- [Task] Your answer must consist of the records below, reproduced exactly, with every picture removed.
═══ Records ═══
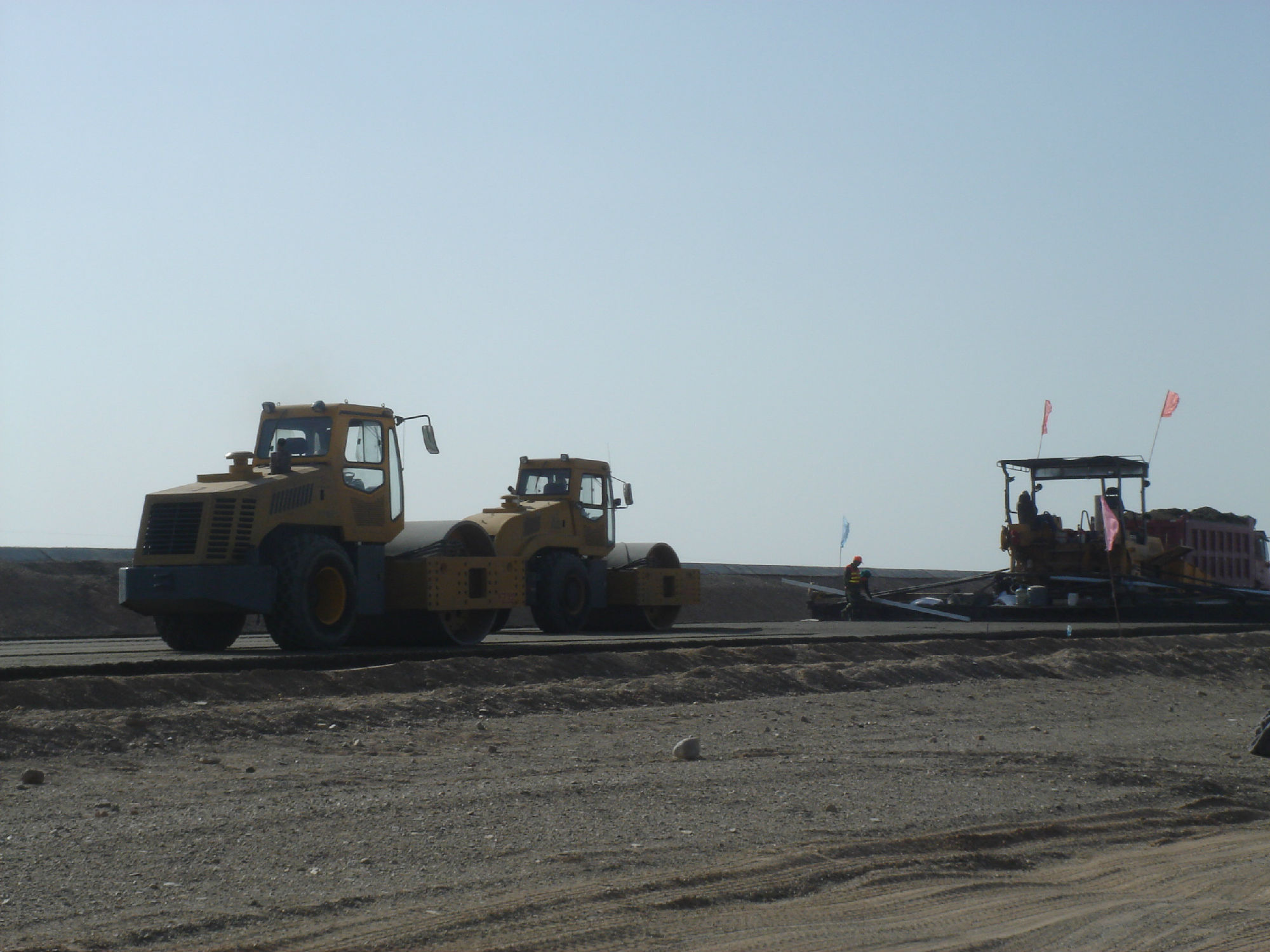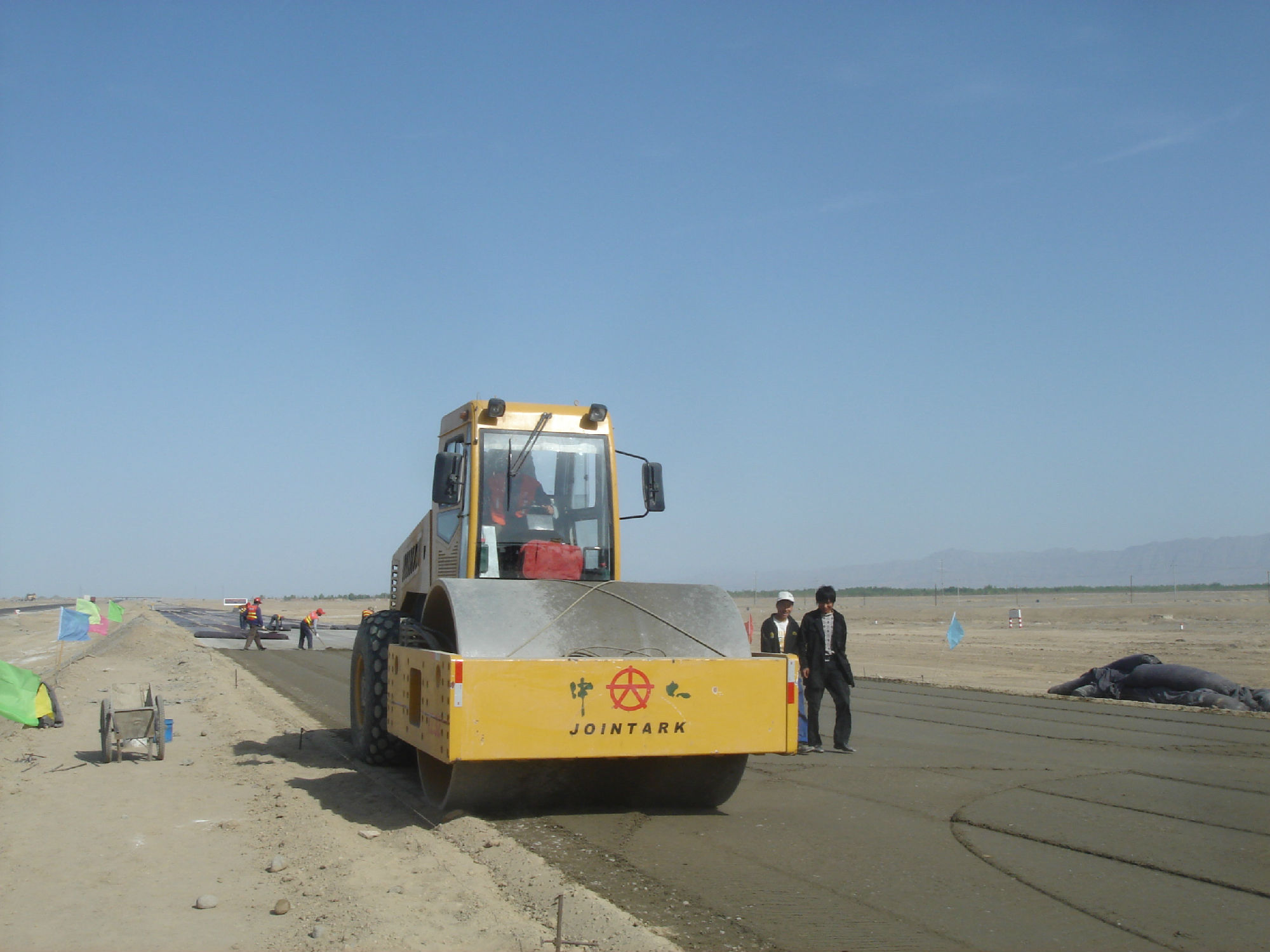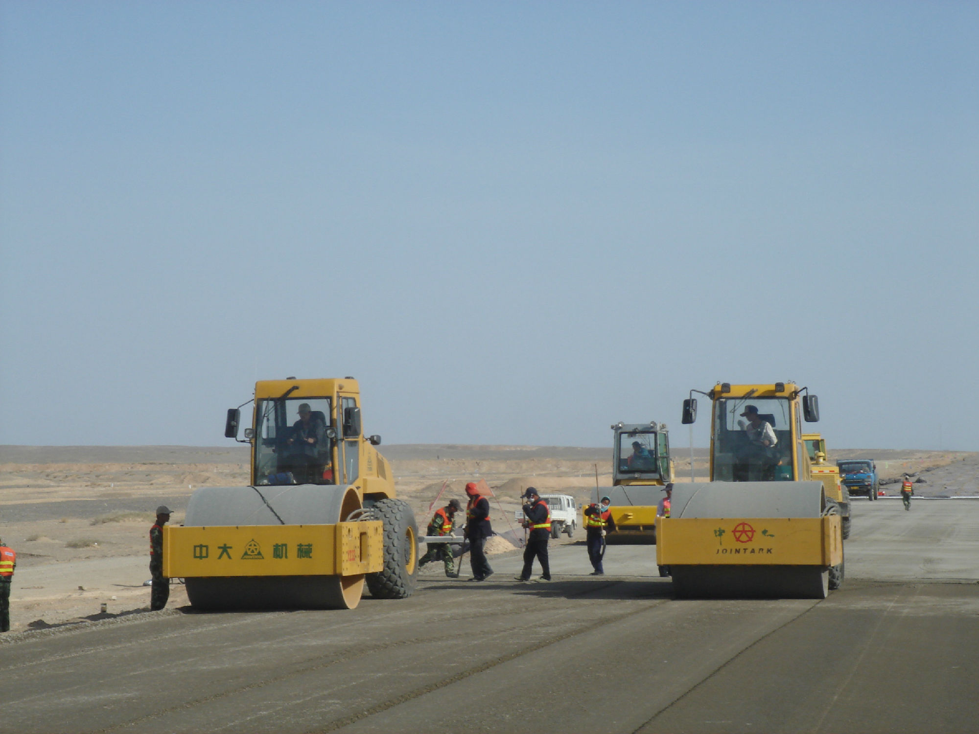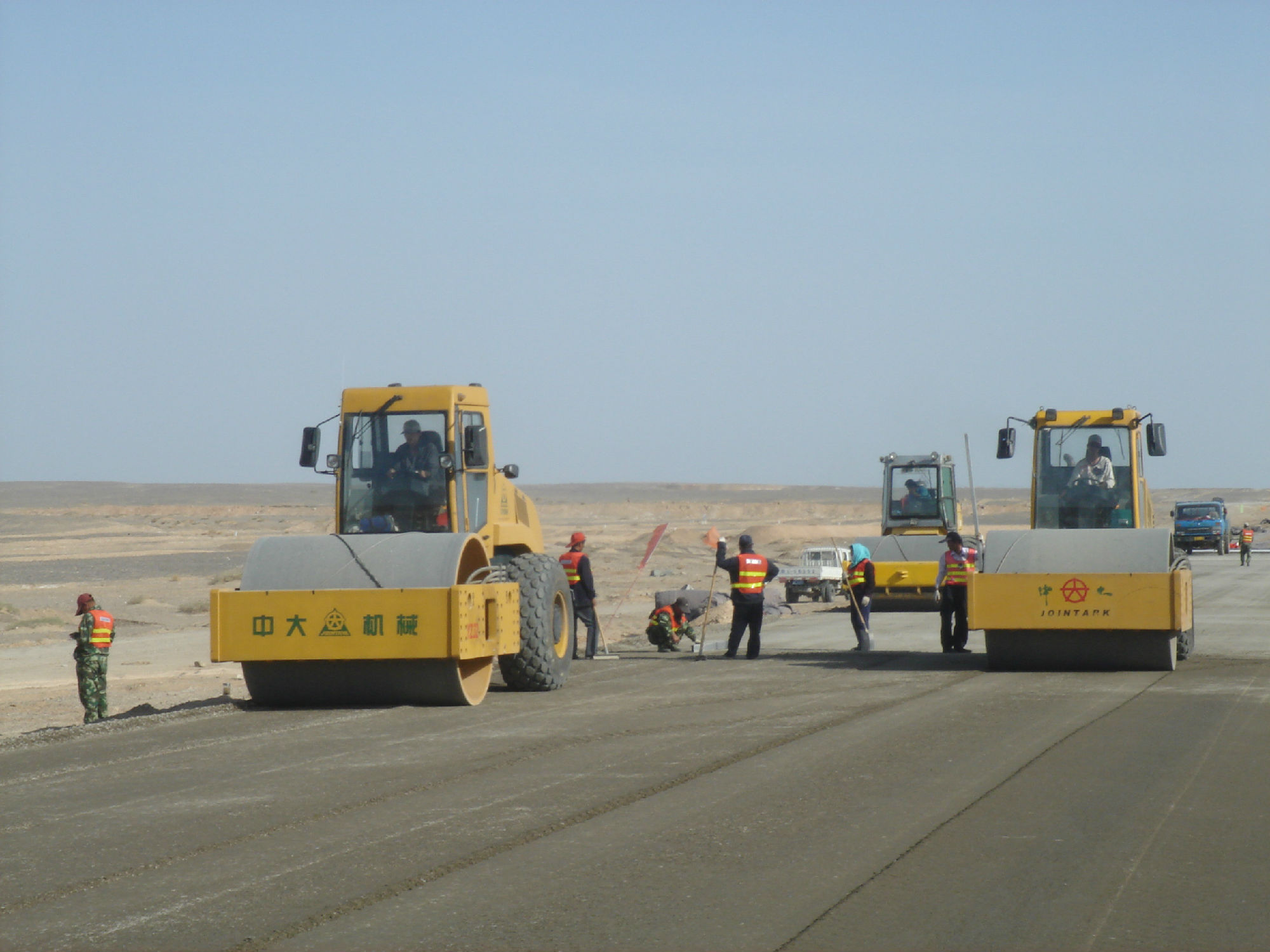 新疆星星峽至哈密高速工程,全線采用中大攤鋪與壓實全套設(shè)備,水穩(wěn)施工采用全幅度大厚度施工工藝,將原來的分層施工工藝創(chuàng)新為大厚度單層施工工藝(兩層并作一層施工),松鋪厚度達(dá)到53CM,僅碾壓三遍,平均壓實度達(dá)到101,平整度、壓實度和整體強(qiáng)度達(dá)到并超過高速公路施工規(guī)范要求,在不增加任何成本的前提下大大的提高了道路的施工質(zhì)量和施工進(jìn)度。
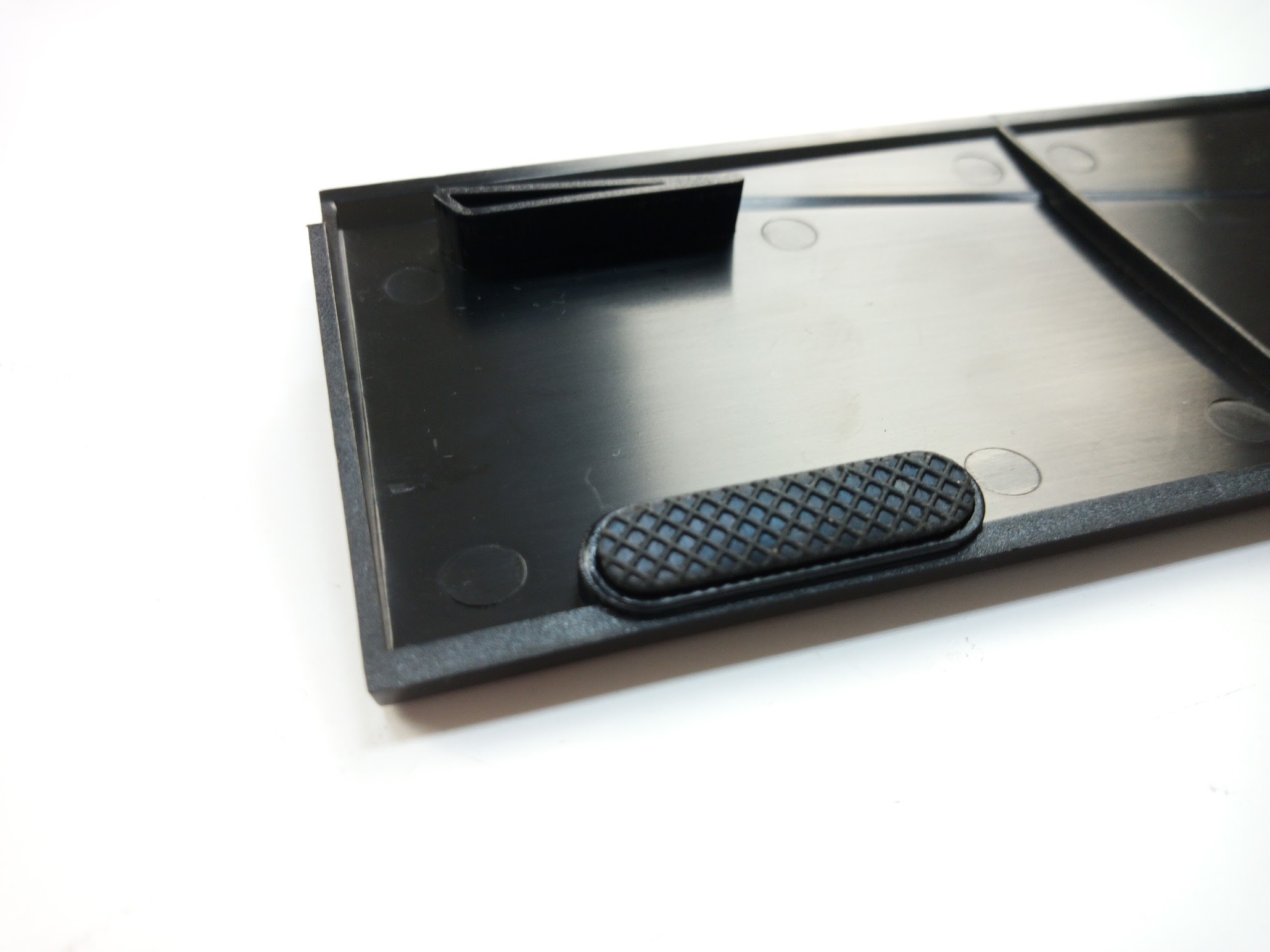 На корпусе подставки есть два пластиковых выступа, которые просто ложатся в отверстия на клавиатуре, никак не защёлкиваясь. С одной стороны, это позволяет быстро снимать и устанавливать подставку в зависимости от ситуации, с другой — при перемещении клавиатуры с места на место её придётся придерживать руками. Подставка выполнена из чёрного шершавого пластика, на который нанесён логотип компании.
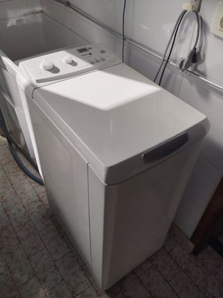 Lavadora Indesit de carga superior. Funciona pero no centrifuga. El técnico me cobrará 50euros - Color blanco. - Panel de control digital.
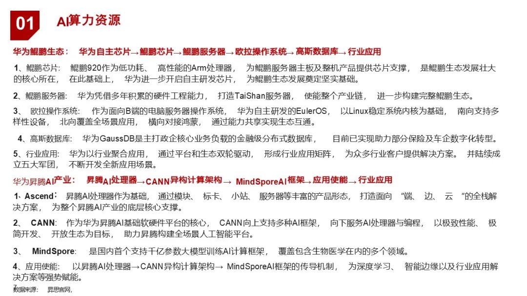 | 1. 算力层 | 昇腾(Ascend)+ 鲲鹏(Kunpeng) | 提供AI训练与推理所需的强大算力支撑,支持端-边-云全场景部署 |
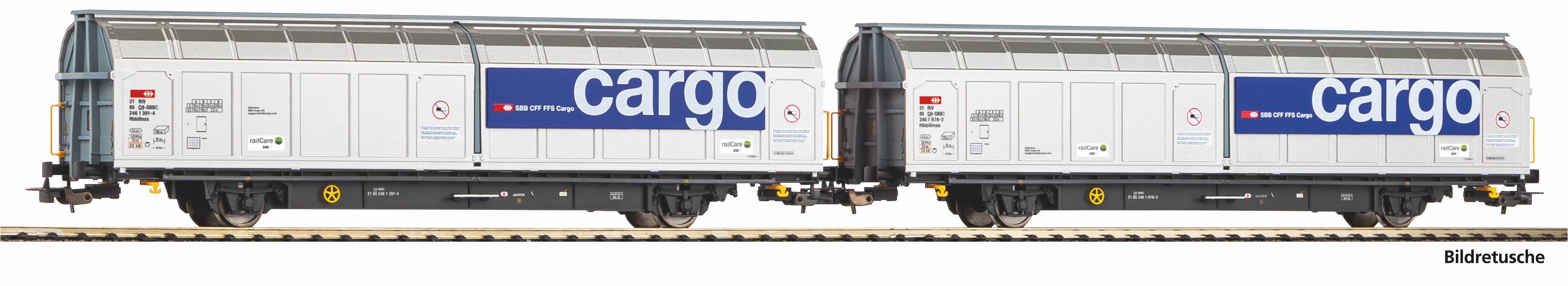 Neuheit 2025: Wagenset bestehend aus zwei Schiebewandwagen in Ausführung der SBB Cargo / Railcare in Epoche IV
═══
- [Answer box]
 新疆星星峽至哈密高速工程,全線采用中大攤鋪與壓實全套設(shè)備,水穩(wěn)施工采用全幅度大厚度施工工藝,將原來的分層施工工藝創(chuàng)新為大厚度單層施工工藝(兩層并作一層施工),松鋪厚度達(dá)到53CM,僅碾壓三遍,平均壓實度達(dá)到101,平整度、壓實度和整體強(qiáng)度達(dá)到并超過高速公路施工規(guī)范要求,在不增加任何成本的前提下大大的提高了道路的施工質(zhì)量和施工進(jìn)度。
 На корпусе подставки есть два пластиковых выступа, которые просто ложатся в отверстия на клавиатуре, никак не защёлкиваясь. С одной стороны, это позволяет быстро снимать и устанавливать подставку в зависимости от ситуации, с другой — при перемещении клавиатуры с места на место её придётся придерживать руками. Подставка выполнена из чёрного шершавого пластика, на который нанесён логотип компании.
 Lavadora Indesit de carga superior. Funciona pero no centrifuga. El técnico me cobrará 50euros - Color blanco. - Panel de control digital.
 | 1. 算力层 | 昇腾(Ascend)+ 鲲鹏(Kunpeng) | 提供AI训练与推理所需的强大算力支撑,支持端-边-云全场景部署 |
 Neuheit 2025: Wagenset bestehend aus zwei Schiebewandwagen in Ausführung der SBB Cargo / Railcare in Epoche IV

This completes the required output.